Instructions for the task: Would you please copy only the lines from the line that contains "Bring the thrill" to the end of the data below, exactly, leaving every picture out?

Data for processing: Begin

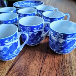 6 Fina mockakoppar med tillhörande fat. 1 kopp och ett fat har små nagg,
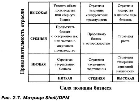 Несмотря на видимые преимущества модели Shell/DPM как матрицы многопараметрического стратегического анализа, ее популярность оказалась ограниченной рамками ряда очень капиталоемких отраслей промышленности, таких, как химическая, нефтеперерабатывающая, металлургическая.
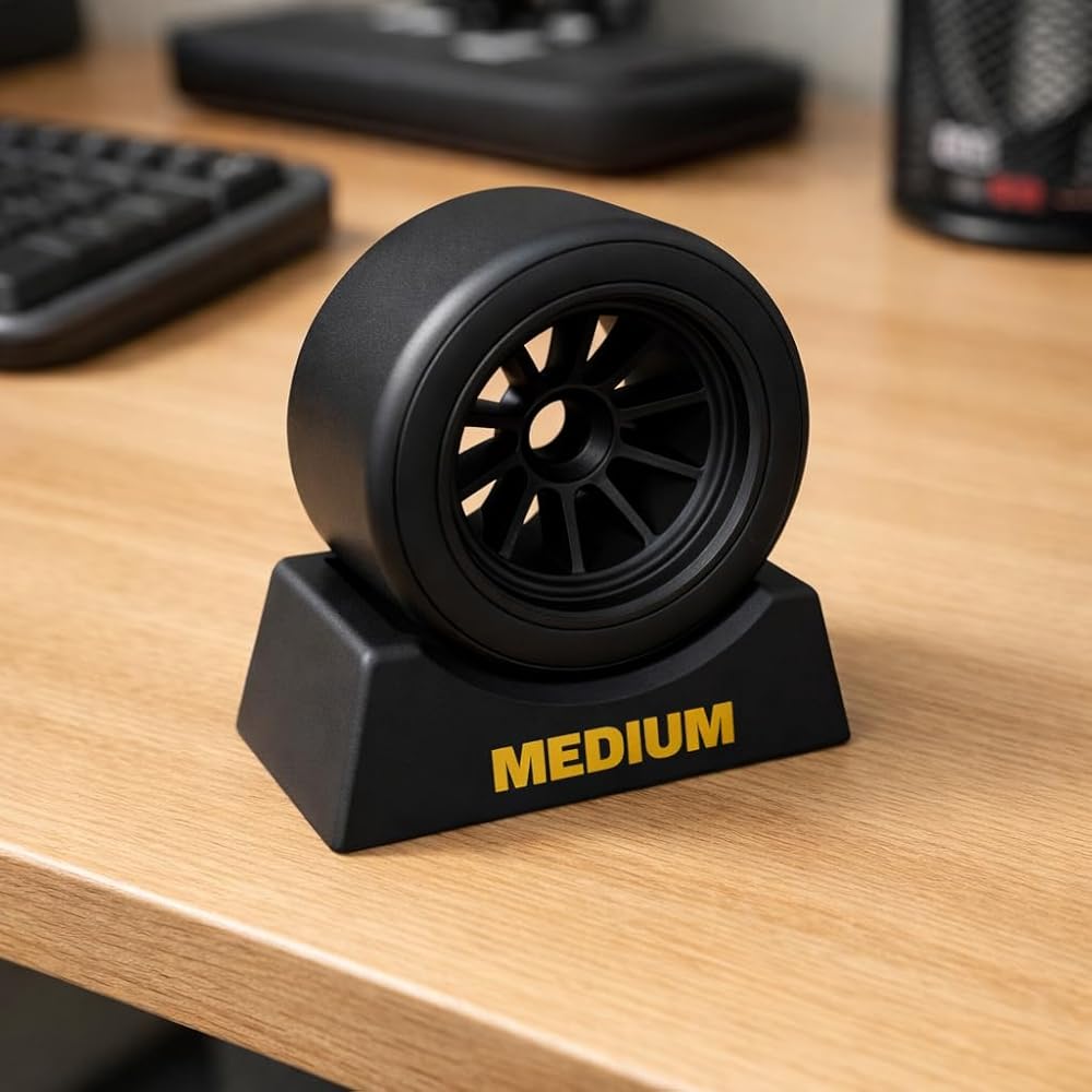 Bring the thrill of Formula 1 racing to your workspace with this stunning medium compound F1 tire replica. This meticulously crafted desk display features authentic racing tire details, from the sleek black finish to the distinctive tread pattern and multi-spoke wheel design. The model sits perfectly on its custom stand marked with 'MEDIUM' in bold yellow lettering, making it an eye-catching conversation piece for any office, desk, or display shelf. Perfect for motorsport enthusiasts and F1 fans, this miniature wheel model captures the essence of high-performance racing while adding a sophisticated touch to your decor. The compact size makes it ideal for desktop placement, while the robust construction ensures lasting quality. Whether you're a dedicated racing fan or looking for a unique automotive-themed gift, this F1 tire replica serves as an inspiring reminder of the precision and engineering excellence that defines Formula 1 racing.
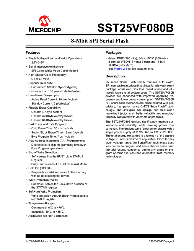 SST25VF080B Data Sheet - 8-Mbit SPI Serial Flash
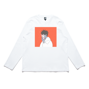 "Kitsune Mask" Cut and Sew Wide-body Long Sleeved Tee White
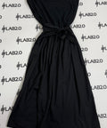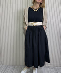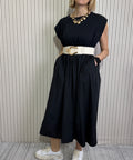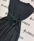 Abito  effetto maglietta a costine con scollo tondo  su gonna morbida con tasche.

Data for processing: End

Response to this exercise:
 Bring the thrill of Formula 1 racing to your workspace with this stunning medium compound F1 tire replica. This meticulously crafted desk display features authentic racing tire details, from the sleek black finish to the distinctive tread pattern and multi-spoke wheel design. The model sits perfectly on its custom stand marked with 'MEDIUM' in bold yellow lettering, making it an eye-catching conversation piece for any office, desk, or display shelf. Perfect for motorsport enthusiasts and F1 fans, this miniature wheel model captures the essence of high-performance racing while adding a sophisticated touch to your decor. The compact size makes it ideal for desktop placement, while the robust construction ensures lasting quality. Whether you're a dedicated racing fan or looking for a unique automotive-themed gift, this F1 tire replica serves as an inspiring reminder of the precision and engineering excellence that defines Formula 1 racing.
 SST25VF080B Data Sheet - 8-Mbit SPI Serial Flash
 "Kitsune Mask" Cut and Sew Wide-body Long Sleeved Tee White
 Abito  effetto maglietta a costine con scollo tondo  su gonna morbida con tasche.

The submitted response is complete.